### REQUIREMENT
Apart from the pictures, reproduce the data below exactly as it stands.
-- DATA EXCERPT follows --
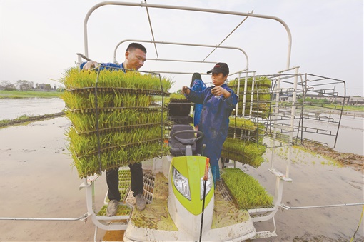 4月10日,长沙县春华镇石塘铺村,横坑农机专业合作社的农民在装载秧苗。该社今年外包各种农业设备近20台套,服务水稻种植5000余亩。目前,我省已投入各类农机具122万台套,助力今年的春耕生产。湖南日报记者 徐行 通讯员 林妤 摄影报道
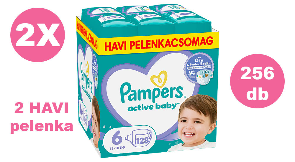 Pampers Active Baby 6 pelenka, 13-18 kg 2x128 db - 2 HAVI pelenkacsomag
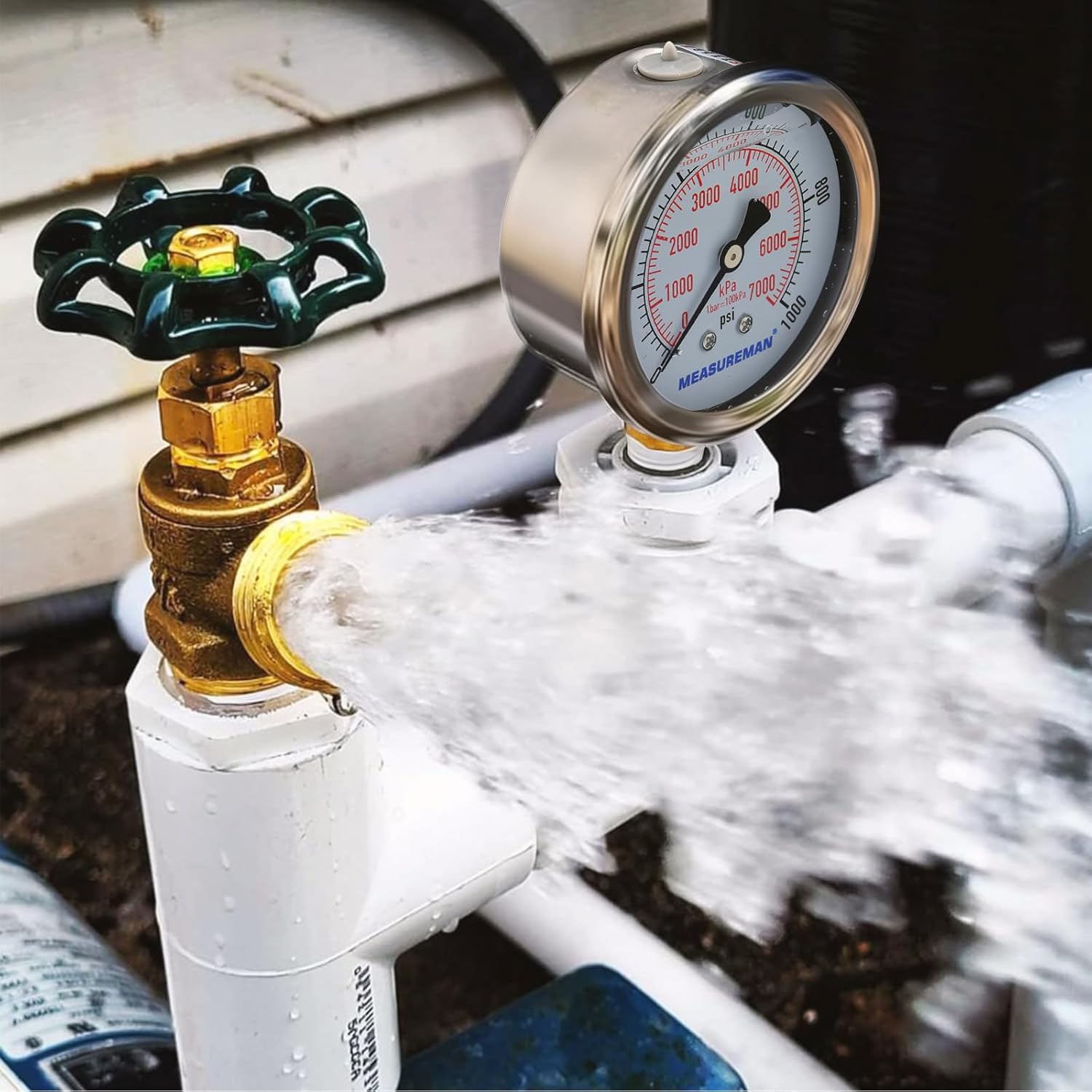 MEASUREMAN 2-1/2inch Dial Size, Liquid Filled Pressure Gauge, 0-1000psi/7000kpa, 304 Stainless Steel Case, 1/4inchNPT Lower Mount
-- DATA EXCERPT concluded --
### YOUR RESPONSE
 4月10日,长沙县春华镇石塘铺村,横坑农机专业合作社的农民在装载秧苗。该社今年外包各种农业设备近20台套,服务水稻种植5000余亩。目前,我省已投入各类农机具122万台套,助力今年的春耕生产。湖南日报记者 徐行 通讯员 林妤 摄影报道
 Pampers Active Baby 6 pelenka, 13-18 kg 2x128 db - 2 HAVI pelenkacsomag
 MEASUREMAN 2-1/2inch Dial Size, Liquid Filled Pressure Gauge, 0-1000psi/7000kpa, 304 Stainless Steel Case, 1/4inchNPT Lower Mount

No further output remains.